* _The task_
Every line in the listing below from the one with "サムコス シリコンモールド ボール" through the one with "Une toute petite" is to be reproduced exactly, both ends included; leave out the rest.

* _Task inputs_
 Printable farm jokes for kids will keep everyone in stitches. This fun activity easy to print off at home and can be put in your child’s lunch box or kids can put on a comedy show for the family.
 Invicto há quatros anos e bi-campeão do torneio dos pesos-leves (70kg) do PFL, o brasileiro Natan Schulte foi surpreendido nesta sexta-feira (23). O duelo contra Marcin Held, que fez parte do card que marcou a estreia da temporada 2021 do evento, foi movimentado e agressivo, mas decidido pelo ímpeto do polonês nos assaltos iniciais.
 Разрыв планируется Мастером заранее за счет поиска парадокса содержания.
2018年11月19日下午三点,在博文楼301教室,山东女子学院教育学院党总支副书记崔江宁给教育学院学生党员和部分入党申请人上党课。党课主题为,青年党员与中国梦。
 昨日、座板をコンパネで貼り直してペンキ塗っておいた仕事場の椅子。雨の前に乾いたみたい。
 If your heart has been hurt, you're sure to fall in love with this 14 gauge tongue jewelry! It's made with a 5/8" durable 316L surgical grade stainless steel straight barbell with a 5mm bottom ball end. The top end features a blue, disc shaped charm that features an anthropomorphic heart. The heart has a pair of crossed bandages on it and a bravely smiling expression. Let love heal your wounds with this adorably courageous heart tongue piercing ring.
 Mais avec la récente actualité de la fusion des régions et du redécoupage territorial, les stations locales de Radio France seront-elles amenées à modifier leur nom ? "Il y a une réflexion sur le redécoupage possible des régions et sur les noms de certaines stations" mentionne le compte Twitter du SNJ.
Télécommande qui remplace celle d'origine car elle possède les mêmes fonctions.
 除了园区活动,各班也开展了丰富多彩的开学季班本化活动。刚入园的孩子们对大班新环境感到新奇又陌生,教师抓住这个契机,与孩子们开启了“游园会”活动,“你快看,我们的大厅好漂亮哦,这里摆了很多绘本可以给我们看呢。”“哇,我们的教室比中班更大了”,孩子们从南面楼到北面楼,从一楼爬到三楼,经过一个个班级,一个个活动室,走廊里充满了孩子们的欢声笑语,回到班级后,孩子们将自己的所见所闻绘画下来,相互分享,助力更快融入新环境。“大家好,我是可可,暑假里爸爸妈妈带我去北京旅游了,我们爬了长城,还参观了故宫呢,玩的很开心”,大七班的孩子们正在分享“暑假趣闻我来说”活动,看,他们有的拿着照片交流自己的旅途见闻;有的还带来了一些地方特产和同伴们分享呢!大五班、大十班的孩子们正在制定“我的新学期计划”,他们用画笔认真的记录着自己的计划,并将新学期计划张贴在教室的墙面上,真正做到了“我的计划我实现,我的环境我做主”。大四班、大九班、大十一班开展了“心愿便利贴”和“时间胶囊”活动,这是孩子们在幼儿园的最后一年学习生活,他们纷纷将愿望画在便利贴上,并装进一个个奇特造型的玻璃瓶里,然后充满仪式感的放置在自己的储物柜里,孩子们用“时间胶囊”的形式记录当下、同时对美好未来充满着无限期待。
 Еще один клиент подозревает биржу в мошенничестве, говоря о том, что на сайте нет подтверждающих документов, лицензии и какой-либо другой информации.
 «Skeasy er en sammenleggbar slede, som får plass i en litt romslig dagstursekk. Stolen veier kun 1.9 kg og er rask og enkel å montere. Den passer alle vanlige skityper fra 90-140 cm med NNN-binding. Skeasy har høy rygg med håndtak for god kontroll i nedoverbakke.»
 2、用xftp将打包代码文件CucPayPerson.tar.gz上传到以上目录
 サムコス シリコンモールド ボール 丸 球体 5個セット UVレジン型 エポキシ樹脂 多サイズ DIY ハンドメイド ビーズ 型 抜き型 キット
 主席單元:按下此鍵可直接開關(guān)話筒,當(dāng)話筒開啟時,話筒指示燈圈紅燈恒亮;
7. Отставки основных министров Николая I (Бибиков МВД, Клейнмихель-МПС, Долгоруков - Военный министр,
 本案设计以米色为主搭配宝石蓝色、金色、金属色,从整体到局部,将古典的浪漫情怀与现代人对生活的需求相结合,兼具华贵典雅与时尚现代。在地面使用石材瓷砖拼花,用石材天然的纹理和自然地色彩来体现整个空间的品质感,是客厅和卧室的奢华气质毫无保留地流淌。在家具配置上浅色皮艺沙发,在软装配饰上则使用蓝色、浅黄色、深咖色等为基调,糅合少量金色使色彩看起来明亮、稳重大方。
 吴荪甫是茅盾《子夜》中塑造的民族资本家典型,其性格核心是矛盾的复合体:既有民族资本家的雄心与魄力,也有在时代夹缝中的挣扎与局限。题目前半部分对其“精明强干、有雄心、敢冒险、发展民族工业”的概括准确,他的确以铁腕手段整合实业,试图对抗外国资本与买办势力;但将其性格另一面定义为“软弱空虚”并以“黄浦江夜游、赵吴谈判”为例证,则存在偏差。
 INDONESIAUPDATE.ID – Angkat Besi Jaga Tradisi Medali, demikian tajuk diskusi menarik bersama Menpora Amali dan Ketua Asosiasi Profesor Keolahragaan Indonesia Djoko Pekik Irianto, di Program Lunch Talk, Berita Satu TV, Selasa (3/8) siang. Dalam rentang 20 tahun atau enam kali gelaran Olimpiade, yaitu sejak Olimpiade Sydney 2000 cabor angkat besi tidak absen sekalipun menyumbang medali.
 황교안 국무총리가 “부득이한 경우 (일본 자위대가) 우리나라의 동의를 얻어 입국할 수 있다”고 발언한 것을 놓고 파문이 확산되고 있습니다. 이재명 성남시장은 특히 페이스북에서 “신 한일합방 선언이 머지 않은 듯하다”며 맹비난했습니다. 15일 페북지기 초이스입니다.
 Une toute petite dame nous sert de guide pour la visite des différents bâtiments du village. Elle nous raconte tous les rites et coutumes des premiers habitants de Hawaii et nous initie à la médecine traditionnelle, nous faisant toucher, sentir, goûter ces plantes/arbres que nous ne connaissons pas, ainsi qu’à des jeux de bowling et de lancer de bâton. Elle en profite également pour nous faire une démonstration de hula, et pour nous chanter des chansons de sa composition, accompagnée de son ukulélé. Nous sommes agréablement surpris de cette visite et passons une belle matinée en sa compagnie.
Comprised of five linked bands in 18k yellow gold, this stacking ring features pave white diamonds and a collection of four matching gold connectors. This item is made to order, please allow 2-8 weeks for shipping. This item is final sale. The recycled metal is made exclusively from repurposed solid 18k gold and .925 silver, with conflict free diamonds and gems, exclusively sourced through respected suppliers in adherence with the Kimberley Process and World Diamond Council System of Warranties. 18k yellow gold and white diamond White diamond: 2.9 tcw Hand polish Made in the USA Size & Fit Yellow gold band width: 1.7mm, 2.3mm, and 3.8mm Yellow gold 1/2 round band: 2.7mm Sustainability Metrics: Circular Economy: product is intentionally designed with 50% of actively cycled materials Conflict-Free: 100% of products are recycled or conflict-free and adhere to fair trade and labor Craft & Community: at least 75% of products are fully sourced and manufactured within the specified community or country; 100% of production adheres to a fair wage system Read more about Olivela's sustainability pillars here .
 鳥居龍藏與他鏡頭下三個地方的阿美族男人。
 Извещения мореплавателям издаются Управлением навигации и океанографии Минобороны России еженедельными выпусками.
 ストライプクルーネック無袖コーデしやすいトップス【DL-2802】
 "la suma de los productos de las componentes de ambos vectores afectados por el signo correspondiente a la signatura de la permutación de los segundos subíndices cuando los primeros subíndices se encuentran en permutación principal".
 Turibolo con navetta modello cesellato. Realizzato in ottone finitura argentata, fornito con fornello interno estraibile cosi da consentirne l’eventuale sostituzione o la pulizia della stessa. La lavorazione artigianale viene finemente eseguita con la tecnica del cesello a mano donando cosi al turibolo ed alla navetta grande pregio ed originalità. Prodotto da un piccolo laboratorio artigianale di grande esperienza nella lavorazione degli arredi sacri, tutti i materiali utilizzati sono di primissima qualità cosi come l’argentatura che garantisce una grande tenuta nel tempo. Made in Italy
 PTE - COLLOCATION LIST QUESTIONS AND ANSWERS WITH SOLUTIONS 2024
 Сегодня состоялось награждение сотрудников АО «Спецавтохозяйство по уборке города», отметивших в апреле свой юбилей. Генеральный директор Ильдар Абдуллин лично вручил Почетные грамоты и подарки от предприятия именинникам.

* _Response to the task_
 サムコス シリコンモールド ボール 丸 球体 5個セット UVレジン型 エポキシ樹脂 多サイズ DIY ハンドメイド ビーズ 型 抜き型 キット
 主席單元:按下此鍵可直接開關(guān)話筒,當(dāng)話筒開啟時,話筒指示燈圈紅燈恒亮;
7. Отставки основных министров Николая I (Бибиков МВД, Клейнмихель-МПС, Долгоруков - Военный министр,
 本案设计以米色为主搭配宝石蓝色、金色、金属色,从整体到局部,将古典的浪漫情怀与现代人对生活的需求相结合,兼具华贵典雅与时尚现代。在地面使用石材瓷砖拼花,用石材天然的纹理和自然地色彩来体现整个空间的品质感,是客厅和卧室的奢华气质毫无保留地流淌。在家具配置上浅色皮艺沙发,在软装配饰上则使用蓝色、浅黄色、深咖色等为基调,糅合少量金色使色彩看起来明亮、稳重大方。
 吴荪甫是茅盾《子夜》中塑造的民族资本家典型,其性格核心是矛盾的复合体:既有民族资本家的雄心与魄力,也有在时代夹缝中的挣扎与局限。题目前半部分对其“精明强干、有雄心、敢冒险、发展民族工业”的概括准确,他的确以铁腕手段整合实业,试图对抗外国资本与买办势力;但将其性格另一面定义为“软弱空虚”并以“黄浦江夜游、赵吴谈判”为例证,则存在偏差。
 INDONESIAUPDATE.ID – Angkat Besi Jaga Tradisi Medali, demikian tajuk diskusi menarik bersama Menpora Amali dan Ketua Asosiasi Profesor Keolahragaan Indonesia Djoko Pekik Irianto, di Program Lunch Talk, Berita Satu TV, Selasa (3/8) siang. Dalam rentang 20 tahun atau enam kali gelaran Olimpiade, yaitu sejak Olimpiade Sydney 2000 cabor angkat besi tidak absen sekalipun menyumbang medali.
 황교안 국무총리가 “부득이한 경우 (일본 자위대가) 우리나라의 동의를 얻어 입국할 수 있다”고 발언한 것을 놓고 파문이 확산되고 있습니다. 이재명 성남시장은 특히 페이스북에서 “신 한일합방 선언이 머지 않은 듯하다”며 맹비난했습니다. 15일 페북지기 초이스입니다.
 Une toute petite dame nous sert de guide pour la visite des différents bâtiments du village. Elle nous raconte tous les rites et coutumes des premiers habitants de Hawaii et nous initie à la médecine traditionnelle, nous faisant toucher, sentir, goûter ces plantes/arbres que nous ne connaissons pas, ainsi qu’à des jeux de bowling et de lancer de bâton. Elle en profite également pour nous faire une démonstration de hula, et pour nous chanter des chansons de sa composition, accompagnée de son ukulélé. Nous sommes agréablement surpris de cette visite et passons une belle matinée en sa compagnie.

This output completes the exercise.